-- Instructions to follow --
Any picture in the data below gets skipped; print all the rest exactly.

-- Data provided --
○ ○ ○ ○
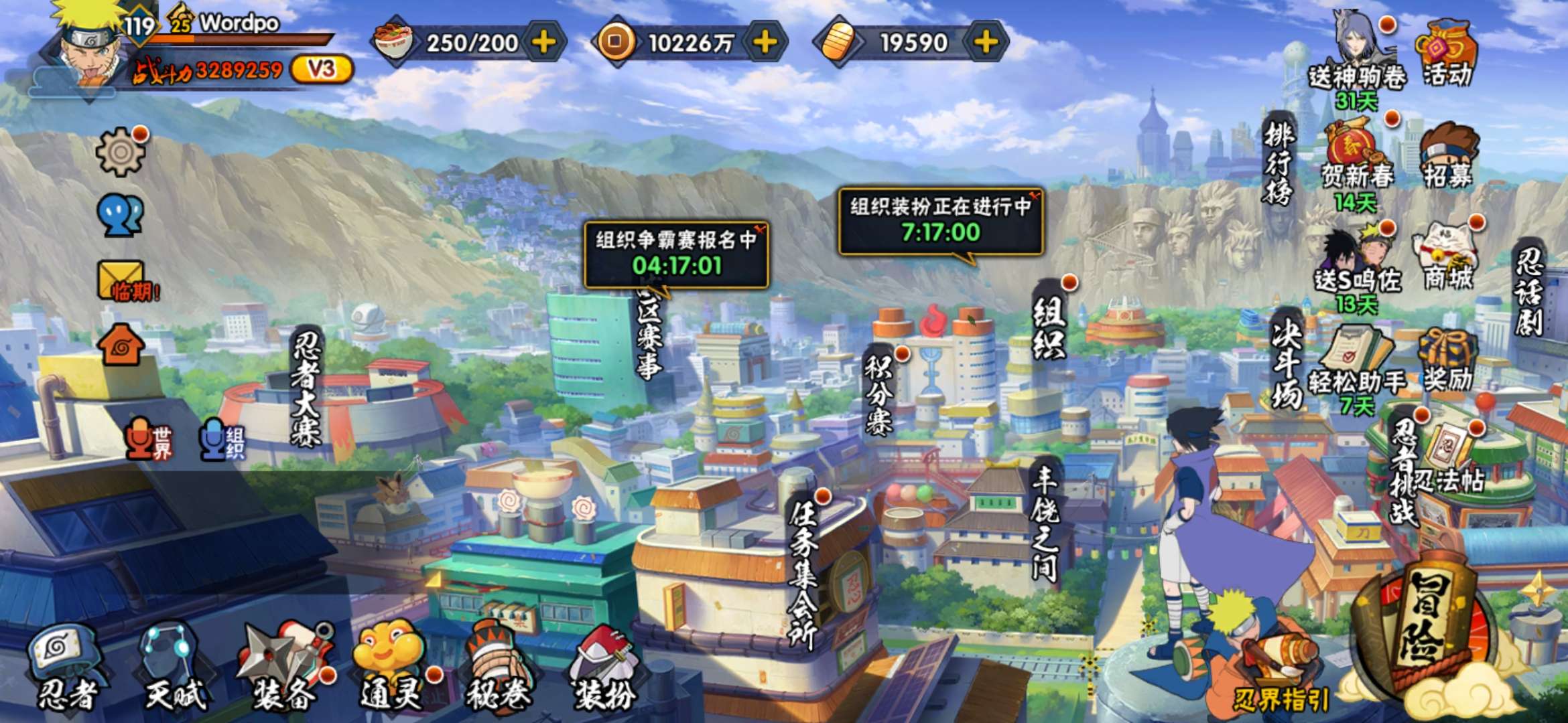 V7/战力498W/S忍6/A忍19/2星大野木「侠隐江湖」/3星波风水门「九喇嘛连结」/
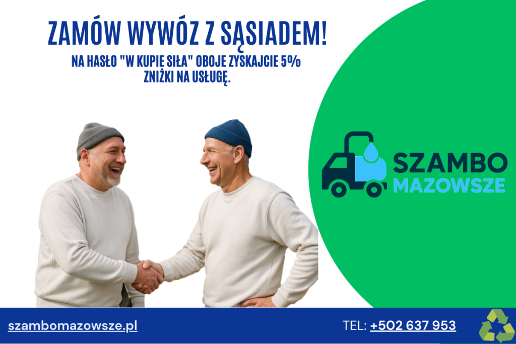 Nasza troska nie kończy się na bezpiecznym opróżnianiu zbiorników naszych klientów. Planując trasy, staramy się ograniczać emisję CO₂ oraz zużycie paliwa. Dzięki temu działamy w duchu EKO, a uzyskane oszczędności przekazujemy klientom. Dlatego uruchomiliśmy promocję sąsiedzką – jeśli umówisz się na usługę razem z sąsiadem, oboje otrzymacie 5% rabatu na hasło „W kupie siła” J. To rozwiązanie, które pozwala oszczędzić nie tylko czas i pieniądze, ale także wspiera środowisko i przy zamawianiu usługi wprowadzić uśmiech na twarze naszym klientom. W ten sposób chcemy łączyć korzyści ekologiczne z realnymi oszczędnościami dla naszych klientów” – podkreśla Aneta Franas, Dyrektor Operacyjna, www.szambomazowsze.pl.
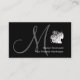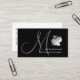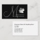 Klassische Visitenkarten-Vorlage für Monogramm-Friseure inklusive eines schönen Friseur-Symbols, Initial-Monogramm-Namen und kluges Zwei-Seiten-Design, das Sie online personalisieren können. Entworfen für einen beruflichen Friseur, einen Friseur oder einen Schönheitssalon.
○ ○ ○ ○
-- Problem solution --
 V7/战力498W/S忍6/A忍19/2星大野木「侠隐江湖」/3星波风水门「九喇嘛连结」/
 Nasza troska nie kończy się na bezpiecznym opróżnianiu zbiorników naszych klientów. Planując trasy, staramy się ograniczać emisję CO₂ oraz zużycie paliwa. Dzięki temu działamy w duchu EKO, a uzyskane oszczędności przekazujemy klientom. Dlatego uruchomiliśmy promocję sąsiedzką – jeśli umówisz się na usługę razem z sąsiadem, oboje otrzymacie 5% rabatu na hasło „W kupie siła” J. To rozwiązanie, które pozwala oszczędzić nie tylko czas i pieniądze, ale także wspiera środowisko i przy zamawianiu usługi wprowadzić uśmiech na twarze naszym klientom. W ten sposób chcemy łączyć korzyści ekologiczne z realnymi oszczędnościami dla naszych klientów” – podkreśla Aneta Franas, Dyrektor Operacyjna, www.szambomazowsze.pl.
 Klassische Visitenkarten-Vorlage für Monogramm-Friseure inklusive eines schönen Friseur-Symbols, Initial-Monogramm-Namen und kluges Zwei-Seiten-Design, das Sie online personalisieren können. Entworfen für einen beruflichen Friseur, einen Friseur oder einen Schönheitssalon.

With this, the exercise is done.